Requirements: Claude Code CLI (Opus 4.6 recommended, Max 20x plan for long runs), Python 3.10+, Node.js 18+, NVIDIA GPU 8GB+ VRAM, pdftotext (from poppler-utils).
Warning
Fully autonomous runs require Claude Code's --dangerously-skip-permissions flag, which bypasses all tool approval prompts. The agent can execute arbitrary commands and modify files without confirmation. Use at your own risk.
# Scout: find low-cost opportunities from a conference
/research --scout "CVPR 2025" --budget=8h
# Full pipeline: literature → experiments → paper draft
/research "efficient visual language model inference"
# Survey only (Phase 1-3.5, no experiments)
/research "parameter-efficient fine-tuning" --depth=survey
# Resume interrupted run
/research --resume
# Check progress
/research --statusAI research agents fabricate results. MLR-Bench (2025) found that AI agents fabricate ~80% of experimental results. Existing tools rely on prompt-level instructions ("please don't fabricate") which LLMs often ignore under pressure — especially after consecutive failures.
Novum enforces constraints mechanically:
| Layer | Reliability | How it works |
|---|---|---|
| Hook (mechanical) | Deterministic | PreToolUse hook denies the tool call before execution |
| Prompt (instructional) | Variable | "Never fabricate results" in agent prompt |
| LLM (behavioral) | Low | Hope the model complies on its own |
If a constraint matters, enforce it with a hook — not a prompt.
- Anti-Fabrication Guard — Blocks Write/Edit to protected results files at the API level before execution.
- Phase Gate Guard — Prevents phase advancement unless prerequisites exist and pass quality thresholds.

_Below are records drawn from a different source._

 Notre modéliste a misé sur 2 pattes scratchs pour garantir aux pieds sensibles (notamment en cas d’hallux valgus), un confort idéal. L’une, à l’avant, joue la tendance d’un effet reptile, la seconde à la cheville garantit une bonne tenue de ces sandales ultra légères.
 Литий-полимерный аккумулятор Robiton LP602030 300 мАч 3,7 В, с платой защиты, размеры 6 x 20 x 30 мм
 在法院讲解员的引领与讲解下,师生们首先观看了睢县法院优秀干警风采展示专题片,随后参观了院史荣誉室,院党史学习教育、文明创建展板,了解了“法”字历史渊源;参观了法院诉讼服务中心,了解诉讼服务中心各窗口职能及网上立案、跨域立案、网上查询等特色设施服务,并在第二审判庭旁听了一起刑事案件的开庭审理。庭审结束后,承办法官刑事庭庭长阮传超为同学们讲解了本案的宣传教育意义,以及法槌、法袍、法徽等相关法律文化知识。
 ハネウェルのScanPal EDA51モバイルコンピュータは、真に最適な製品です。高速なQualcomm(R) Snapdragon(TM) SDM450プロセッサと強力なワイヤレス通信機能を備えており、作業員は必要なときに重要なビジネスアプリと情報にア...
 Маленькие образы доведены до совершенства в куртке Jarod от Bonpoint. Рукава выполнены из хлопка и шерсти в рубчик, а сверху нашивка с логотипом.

- Hypothesis Tournament — Tests multiple ideas via Successive Halving (15%→30%→55% budget), not just the first one.
- Automatic Iteration — 3-level failure loops with 5-Whys diagnosis. Constraints accumulate across cycles.

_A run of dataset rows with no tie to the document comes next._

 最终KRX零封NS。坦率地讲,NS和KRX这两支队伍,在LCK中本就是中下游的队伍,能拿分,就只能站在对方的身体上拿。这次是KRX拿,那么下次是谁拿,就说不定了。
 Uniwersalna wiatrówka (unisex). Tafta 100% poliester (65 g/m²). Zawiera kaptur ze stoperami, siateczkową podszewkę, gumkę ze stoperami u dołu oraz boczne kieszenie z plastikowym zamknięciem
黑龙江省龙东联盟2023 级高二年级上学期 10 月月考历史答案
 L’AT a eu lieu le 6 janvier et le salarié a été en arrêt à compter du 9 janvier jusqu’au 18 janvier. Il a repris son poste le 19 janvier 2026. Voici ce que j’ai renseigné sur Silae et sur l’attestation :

- Conference Scanner — Scan conference proceedings, keyword-filter candidates, PDF-analyze top opportunities.
- Cross-Project Knowledge Base — Learned constraints persist across projects to reduce repeated failures.

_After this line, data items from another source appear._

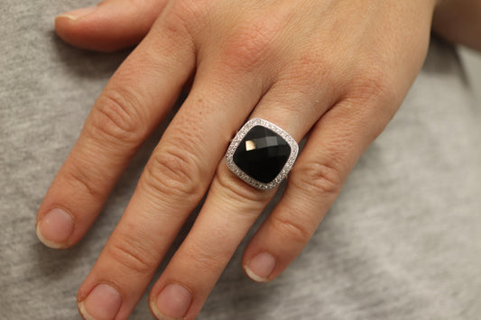 18k Gold ONYX Diamond Halo ring. Checkered French Cut Onyx Dome Halo Ring
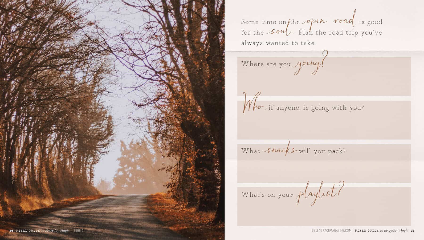 Fall into a daydream of your ideal road trip. Where are you going? What’s on your playlist? Jot your plans down on page 37 of Field Guide.
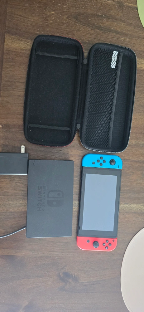 10come with the nintendo switch, dock, carrying case and charger. blue joyvon missing rubber piece for joystick
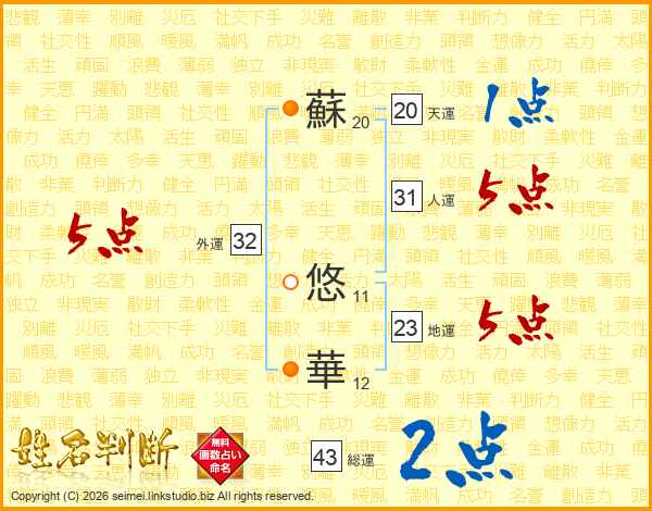 蘇悠華さんの総運は43画の2点!
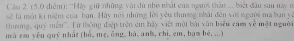Câu 2. (5,0 điểm): "Hãy giữ những vật dù nhỏ nhất của người thân ... biết đầu sau này nó sẽ là một kỉ niệm của bạn. Hãy nói những lời yêu thương nhất đến với người mà bạn về thương, quý mến". Từ thông điệp trên em hãy viết một bài văn biểu cảm về một người mà em yêu quý nhất (bố, mẹ, ông, bà, anh, chỉ, em, bạn bè, ...)

- Independent Audit — Post-run reviewer scores the draft and can trigger automatic regression if below venue threshold.
| Phase | What happens |
|---|---|
| 0 | Scout — Conference scanning for low-cost research opportunities |
| 1 | Literature — Systematic review via Semantic Scholar + OpenReview APIs |
| 2 | SOTA — Codebase discovery, ranking, freshness check, smoke tests |
| 2.5 | Profile — Run SOTA code to build quantitative intuition |
| 3 | Ideas — Hypothesis generation (dual-track explore/exploit) |
| 3.5 | Quick Validation — Fast signal detection before full investment |
| 4 | Design — Experiment plan for all hypotheses + tournament budget |
| 5 | Baseline — Environment setup + baseline reproduction |
| 6 | Experiments — Tournament-based hypothesis testing |
| 7 | Analysis — Results analysis + publishability verdict |
| 8 | Draft Writing — Paper draft with experiment gap discovery |
When experiments fail, the pipeline automatically regresses: small loop (tune hyperparameters) → medium loop (redesign experiments) → big loop (regenerate hypotheses with 5-Whys constraints).
User: /research "topic"
|
v
+--------------------------+
| Master Agent |
| (commands/research.md) |
| |
| Orchestrates, reviews, |
| iterates, diagnoses |
+----------+---------------+
|
Task tool | dispatch
+---------+-------+--------+-----------+
| | | | |
v v v v v
sota- env- experiment- opportunity- pipeline-
finder setup runner scorer reviewer
(opus) (sonnet) (opus) (sonnet) (opus)
=========================================================
4 PreToolUse Hooks (Mechanical)
=========================================================
research-guard.js Anti-fabrication file protection
phase-gate-guard.js Phase transition prerequisites
prompt-quality-guard.js Worker dispatch validation
download-guard.js Network/proxy safety
- AI Scientist v2 / v1 — End-to-end paper generation via agentic tree search (Sakana AI)
- AI-Researcher — Multi-agent research automation with Gradio GUI (HKU)
- Agent Laboratory — LLM research assistant with optional human-in-the-loop (JHU)
- PaperQA2 — RAG-based scientific literature QA (Future House)
- GPT Researcher — Web research report generation
- Coscientist — Chemistry lab automation via robotic APIs (CMU, Nature 2023)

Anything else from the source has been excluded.